Given an array of $N$ elements, $A$, and a number $K$. ($1 \leq K \leq N$) .
Partition the given array into $K$ subsets (they must cover all the elements but can be noncontiguous too). The maximum subset sum achievable out of $K$ partitions formed, must be the minimum possible.
Find that possible subset sum.
For example $A = [11, 11, 5, 10, 5]$ and $K = 2$ the partitioning that satisfies the problem will be $\{\{11, 5, 5\}, \{11, 10\}\}$ so that the defined maximum sum will be $21$ and it is the minimum of all different K-Partitionings of $A$.
The question came up to my mind when I was solving a similar problem for only K contiguous subarrays which could be easily solved using a binary search over all possible maximum sums of the array($O(\log{\text{SUM}})$).
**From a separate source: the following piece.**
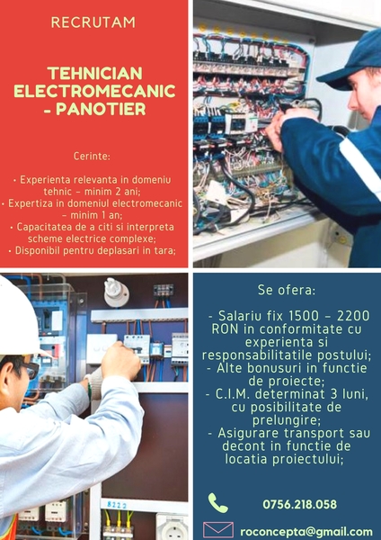 • Expertiza in domeniul electromecanic – minim 1 an;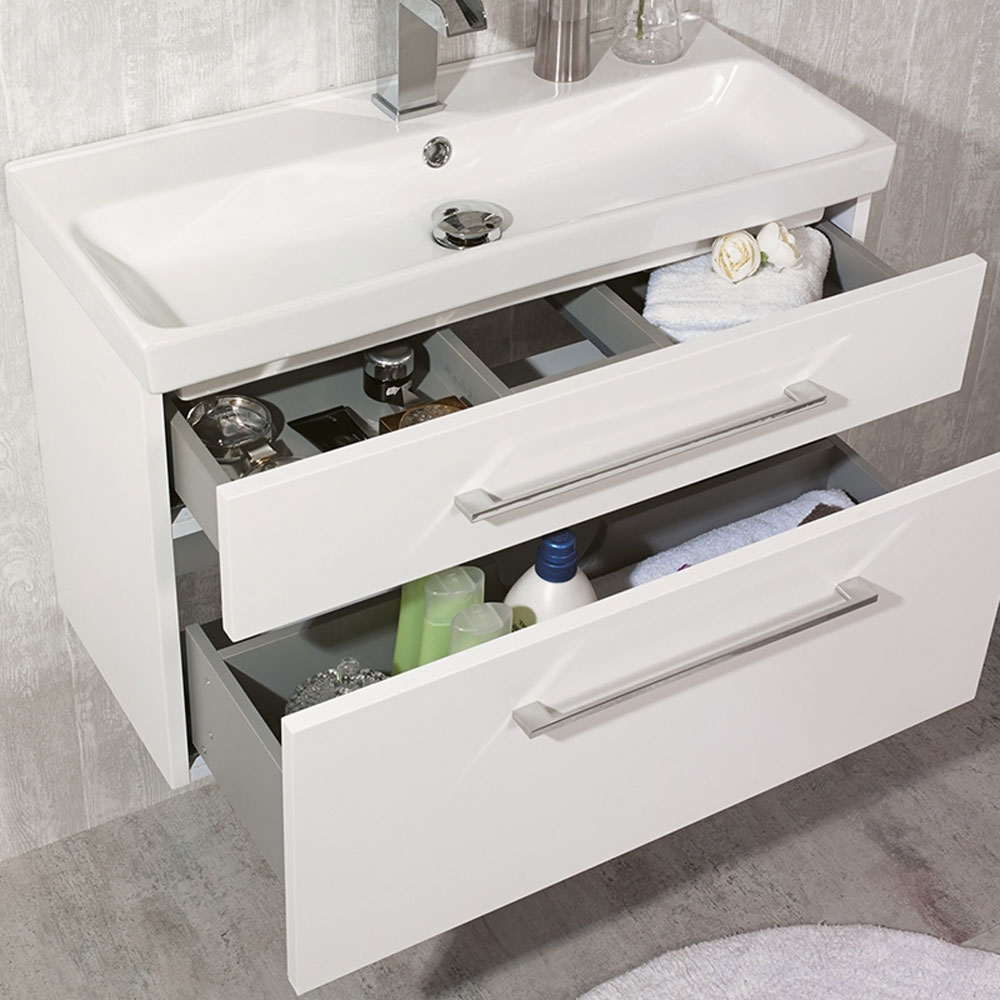 Rabatten dras i kassan. Gäller till och med 15 december.Tvättställ i porslin med överfyllnadsskydd. Självstängande och dämpande lådskenor. Fack för småförvaring i övre låda. Levereras utan bottenventil och vattenlås. Levereras monterad. Borrmarkeringar handtag: C-C 256mm. Finns i flera färger och bredder.

For example for the same $A$ defined in above maximum sum is at least the maximum number which is $11$ and is at most the total sum of all elements which is $42$.
Then in each step of binary search we check whether it is possible to split $A$ into at most $K$ contiguous subarrays or not so that the maximum sum over all subarrays will be at most the mid point of binary search step(needs one loop over $A$ then $O(n)$). If yes we recurse on the left side, otherwise we recurse on the right side.
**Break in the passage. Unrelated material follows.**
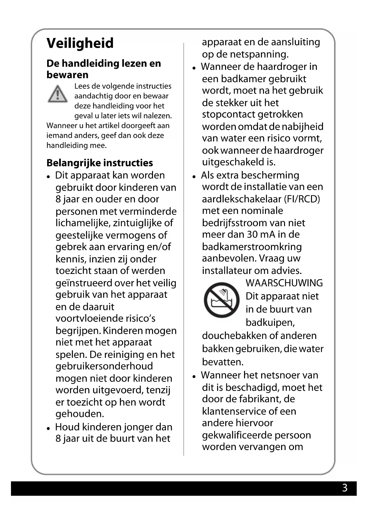 - Afvoer Op het netsnoer van de haardroger zit een sticker met symbolen. Deze sticker mag niet verwijderd worden. Levering Haardroger Stylingmondstuk Stylingmondstuk voor krullen Diffusor Gebruiksaanwijzing Garantiekaart Profi Haartrockner BEL Druckbuch.book Seite 2 Montag, 16. August 2021 3:25 153 Veiligheid De handleiding lezen en bewaren Lees de volgende instructies aandachtig door en bewaar deze handleiding voor het geval u later iets wil nalezen. Wanneer u het artikel doorgeeft aan iemand anders, geef dan ook deze handleiding mee. Belangrijke instructies Dit apparaat kan worden gebruikt door kinderen van 8 jaar en ouder en door personen met verminderde lichamelijke, zintuiglijke of geestelijke vermogens of gebrek aan ervaring en/of kennis, inzien zij onder toezicht staan of werden geïnstrueerd over het veilig gebruik van het apparaat en de daaruit voortvloeiende risico’s begrijpen. Kinderen mogen niet met het apparaat spelen. De reiniging en het gebruikersonderhoud mogen niet door kinderen worden uitgevoerd, tenzij er toezicht op hen wordt gehouden. Houd kinderen jonger dan 8 jaar uit de buurt van het apparaat en de aansluiting op de netspanning. Wanneer de haardroger in een badkamer gebruikt wordt, moet na het gebruik de stekker uit het stopcontact getrokken worden omdat de nabijheid van water een risico vormt, ook wanneer de haardroger uitgeschakeld is. Als extra bescherming wordt de installatie van een aardlekschakelaar (FI/RCD) met een nominale bedrijfsstroom van niet meer dan 30 mA in de badkamerstroomkring aanbevolen. Vraag uw installateur om advies. WAARSCHUWING Dit apparaat niet in de buurt van badkuipen, douchebakken of anderen bakken gebruiken, die water bevatten. Wanneer het netsnoer van dit is beschadigd, moet het door de fabrikant, de klantenservice of een andere hiervoor gekwalificeerde persoon worden vervangen om Profi Haartrockner BEL Druckbuch.book Seite 3 Montag, 16. August 2021 3:25 154 gevaarlijke situaties te voorkomen. Beoogd gebruik Deze haardroger dient voor het drogen en kappen van natuurlijk, menselijk haar. Synthetisch of kunsthaar mag niet behandeld worden met de haardroger. De haardroger is bedoeld voor privégebruik. Voor commercieel gebruik in bijvoorbeeld kapsalons of schoonheidsstudio’s is het niet geschikt. Gevaar voor kinderen en een uitgebreidere kring personen Houd kinderen uit de buurt van verpakkingsmateriaal. Bij inslikken bestaat er verstikkingsgevaar. Let er ook op, dat de zak van de verpakking niet over het hoofd wordt getrokken. Gevaar door elektriciteit De haardroger mag niet ondergedompeld worden in water of andere vloeistoffen en ermee in contact komen. Gevaar voor een elektrische schok! Gebruik het apparaat daarom ook niet in de buurt van vochtbronnen of buiten. Bedien de haardroger niet met natte handen. Sluit het apparaat aan op een correct geïnstalleerd stopcontact aan waarvan de spanning overeenkomt met de “Technische gegevens”. Zorg ervoor dat het stopcontact gemakkelijk toegankelijk is zodat u de stekker van de haardroger snel uit het stopcontact kunt trekken als dat nodig is. Gebruik het apparaat niet: – wanneer apparaat, netsnoer of stekker beschadigd zijn, – het apparaat gevallen is. Zorg ervoor dat het netsnoer niet beschadigd wordt door scherpe randen of hete voorwerpen. Trek de stekker uit het stopcontact: – zodra u de haardroger niet gebruikt, – na elk gebruik, – voor u het apparaat schoonmaakt of opbergt, – wanneer er tijdens het gebruik blijkbaar een storing optreedt, – bij onweer. Trek dan altijd aan de stekker, niet aan de voedingskabel. Voer geen wijzigingen uit aan het artikel. Laat reparaties alleen door een vakwerkplaats uitvoeren. Let ook op de garantiebepalingen. Gevaar voor brand/ brandwonden en/of explosie Schakel de haardroger altijd uit wanneer u hem neerlegt. Leg hem dan alleen op vaste en hittebestendige oppervlakken. Ook na gebruik blijft de haardroger nog langere tijd warm. Laat de haardroger voldoende afkoelen voor u hem reinigt of opbergt. Spuit geen haarlak wanneer het apparaat ingeschakeld is. Er is gevaar op brand of explosie! Gebruik de haardroger niet zonder toezicht. Laat hem ook bij het afkoelen niet alleen. Profi Haartrockner BEL Druckbuch.book Seite 4 Montag, 16. August 2021 3:25 155 Gevaar voor letsels Steek nooit vingers of voorwerpen in de roosteropeningen. Zorg ervoor dat u niet struikelt over de voedingskabel. Aanwijzing - materiële schade Dek de rooster van de luchtinlaat tijdens de werking niet af en reinig het van tijd tot tijd. Anders kan het gebeuren dat de ingebouwde bescherming tegen oververhitting de haardroger uitschakelt. Meer informatie hierover vindt u in het hoofdstuk “Bescherming tegen oververhitting”. Gebruik de haardroger niet op pruiken of haarstukken uit synthetisch materiaal. Richt de hete luchtstraal niet op dieren, planten of voorwerpen. Symbolen in deze handleiding Conformiteits- verklaring De conformiteit van het product met de wettelijk voorgeschreven normen wordt gewaarborgd. De volledige Conformiteitsverklaring vindt u op het internet op www.gt-support.de. Met dit symbool gemarkeerde producten voldoen aan alle toepasselijke Gemeenschapsvoorschrif ten van de Europese Economische Ruimte. Dit symbool in combinatie met het signaalwoord WAARSCHUWING waarschuwt voor gevaren waarbij gevaar op verwonding bestaat. Dit symbool in combinatie met het signaalwoord AANWIJZING waarschuwt voor mogelijke materiële schade. Voor het overige wijst het op nuttige aanvullende informatie. Profi Haartrockner BEL Druckbuch.book Seite 5 Montag, 16. August 2021 3:25 156 Onderdelen en bedieningselementen Uitpakken en controleren p. 11

in overall the algorithm will have a $O(n\log{\text{SUM}})$ time complexity.
But I can't find a way to generalize the checking process in every step of the binary search so that it checks whether for a specific maximum sum like $s^{*}$ is it possible to partition $A$ with at most $K$ subsets so that the maximum sum over all subsets will be at most $s^{*}$ with a good time complexity.
I should also mention that the above motivation is not necessarily the only way accepted to solve this problem and every other idea will be appreciated.